I almost cringed as I typed that title because it sounds almost dated or old-fashioned at this point to be writing about the power of social media. The fact is, though, that the students seem to get it more readily than the adults (and I’m not generally one of those people who accuses the adults of being Luddites while the students are all a bunch of techno-savvy whiz kid cyber ninjas who will lead us to the promised land through their l33t skillz).
Our school needed to send out a technology survey. We’re at the point where no one wants to take class time to do the survey, and it’s not really something that the entire student body need to be required to do. The idea was to offer a raffle-type reward for completing the survey. The next was spreading the word about the survey. At this point, a student service club was asked to help. Their immediate reaction? “Give us the link. We’ll take care of it.”
The adult reaction? “Are you sure? Don’t you need to make flyers or something?”

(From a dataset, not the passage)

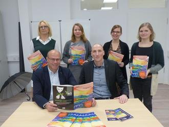 Freuen sich über ein buntes Programm in neuen Räumen: v.l. vorne vhs-Dezernent Jörg Kratkey, vhs-Leiter Dr. Timm Feld, hinten v.l. Nicole Peter, Annika Wolter, Stephanie Plachta und Dr. Sarah Präßler (Foto: Stadt Wetzlar)

Students: “No. Facebook, twitter, texting. We’ll get the word out.”
Of course, we adults are still concerned about equity issues and those students who don’t have technology being left out of the opportunity for the raffle. We’re putting in place some measures to ensure that everyone is informed about the survey and has the opportunity to complete it. I still think it’s telling that the students’ immediate reaction when getting the word out was to turn to social media.
For me, this represents something of a paradigm shift for my students. In past years, I’ve been preaching social media to them, but they’ve wanted to keep it separate from school and did not grok the way it could merge with more than just our social lives. In the last year, though, our school has actively used a Facebook page and a twitter account to disseminate information. Students have provided feedback (especially when they didn’t like the school’s decision to not cancel school for a snow storm) on the Facebook page and participated in discussion there. We’ve done a lib dub that was posted on youtube and went, at least locally, viral. All of these steps seem to have changed the way students viewed social media. In all of them, the adults and teachers jumped into the social media and began providing opportunity for the students to use it for more than their social lives. We led by example. As a result, it’s no longer weird or dorky for students to interact with their school lives via social media, and that is a good thing. Who knows… if we keep going at this rate, maybe they will lead us to the promised land?